La última cuestión, que tiene una vinculación directa con este libro, es la de la necesidad de contar, explicitar, exponer, hacia dónde queremos ir. Los revolucionarios, sobre todo los de tradición marxista, solemos explicar muy bien la realidad capitalista y los límites a la vida humana en su marco, pero carecemos de la misma capacidad para señalar lo que queremos.
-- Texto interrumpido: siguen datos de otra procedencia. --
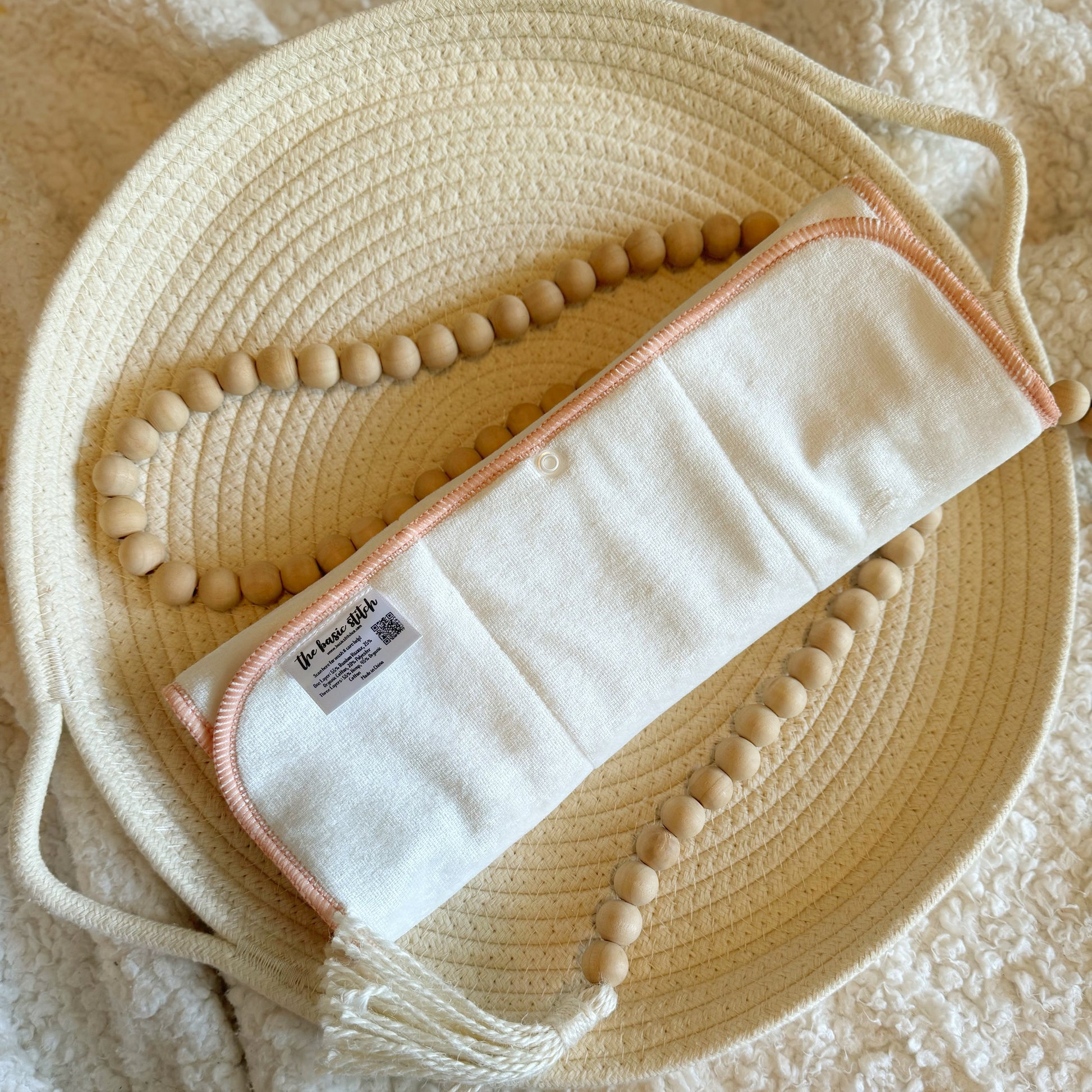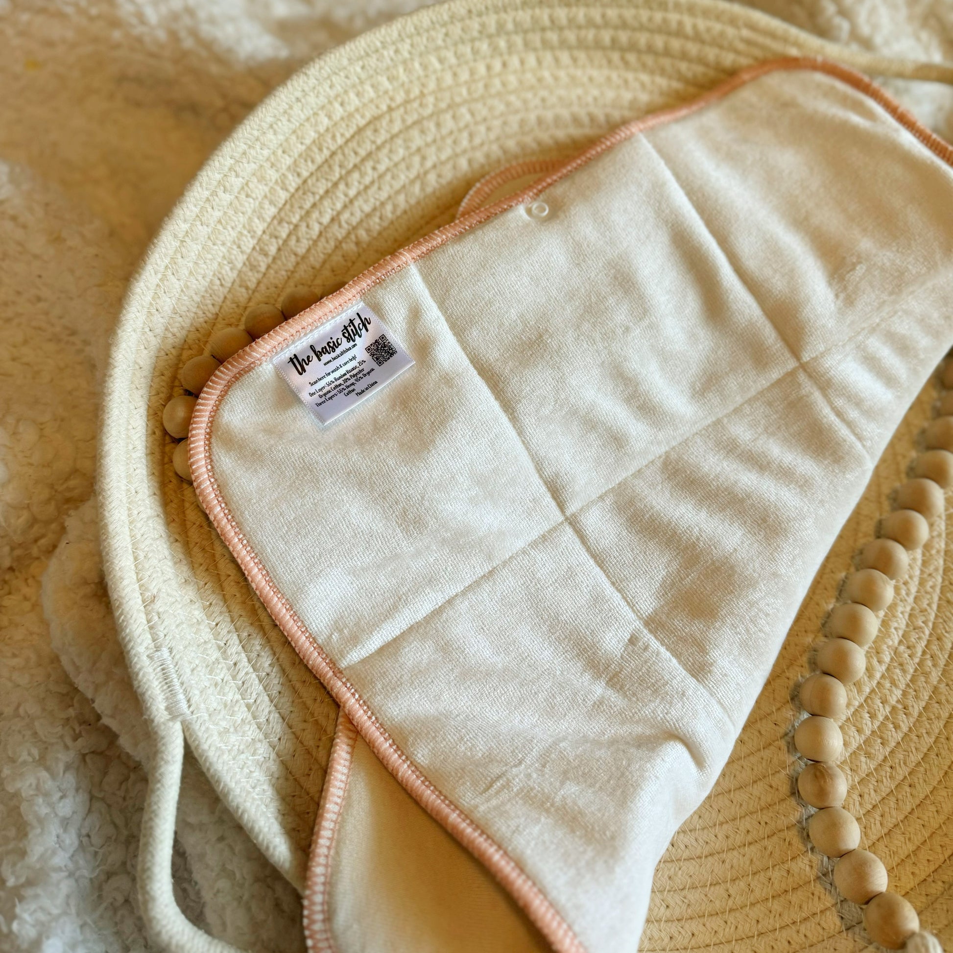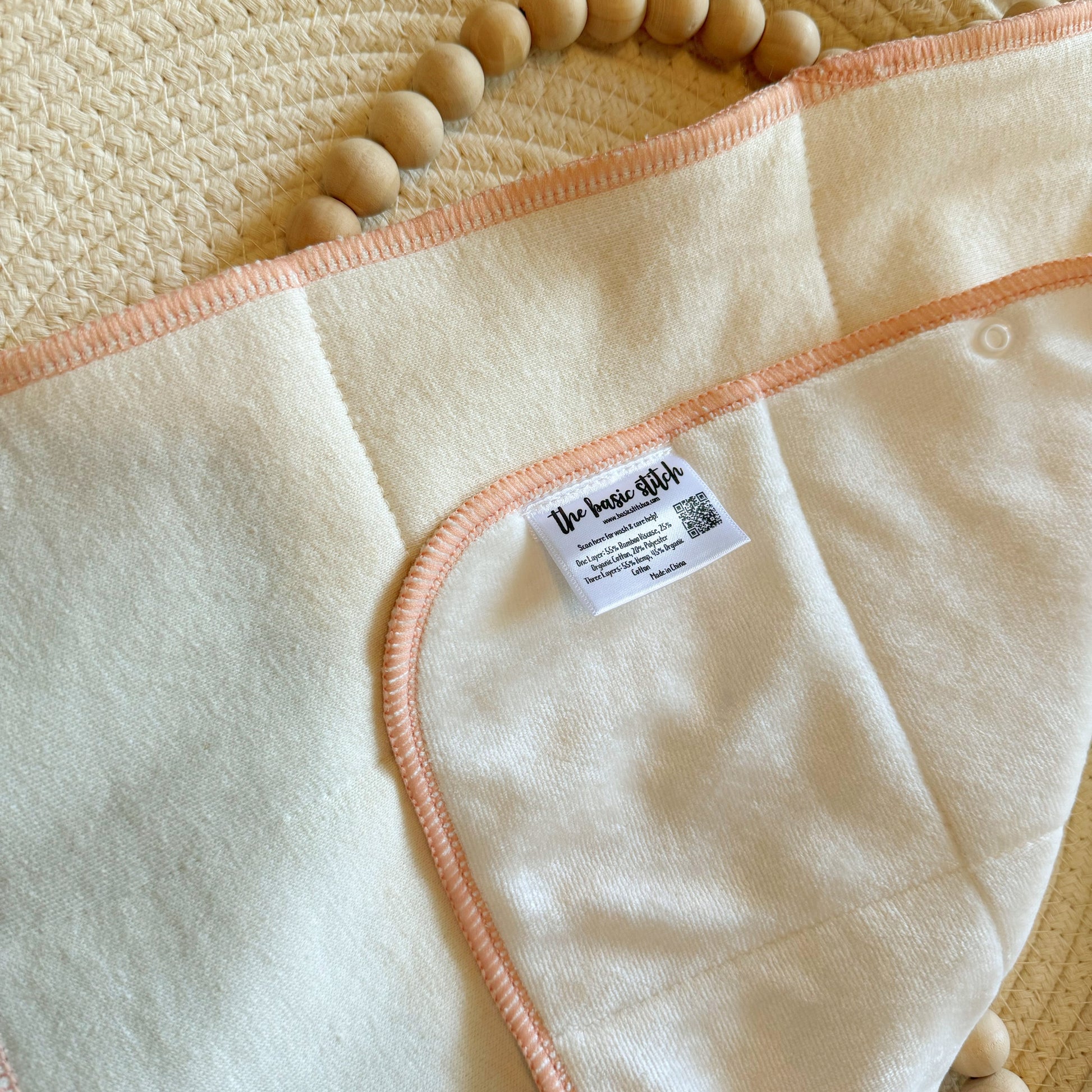 A luxuriously soft bamboo velour sits on top of our 3 layers of hemp cotton to keep a nice, soft layer on baby’s bum! These are compatible with our snaps in both Hybrid Covers and our Pocket Diapers. There are grid stitch lines to help keep a thin fold, even if folding it down for a newborn! Folding these trifolds the “wrong way” makes them a shorter length and perfect for newborns/smaller babies.

El rechazo de Marx al socialismo utópico ha desembocado en la sorprendente idea de que podremos construir un mundo nuevo sin saber de qué se trata. Y, por sobre todas las cosas, que podremos entusiasmar a las masas con un futuro que no somos capaces de describir siquiera someramente. Así, pareciera que aspiramos a triunfar con el único combustible procedente del rechazo al estado de cosas existente y nada más. El supuesto detrás de tan fantástica idea es que automáticamente, el proletariado liberado sabrá dónde dirigirse, sin entender que la liberación consiste, precisamente, no en el acto negativo de la toma del poder político (la destrucción del Estado burgués), sino en el positivo proceso de construcción de ese nuevo orden. Queremos construir la más lujosa y espaciosa de las mansiones sin un plano. Y queremos convencer a sus futuros dueños de que solo tienen que confiar en nosotros. La diferencia entre hacer la revolución y construir el socialismo, tan clara para Bogdánov, no tiene cabida en la izquierda revolucionaria, que, a fuerza de realismo, se ha olvidado del socialismo. La reconstrucción de ese sueño es parte esencial de la tarea que nos espera. Una errante Estrella roja marca un camino posible.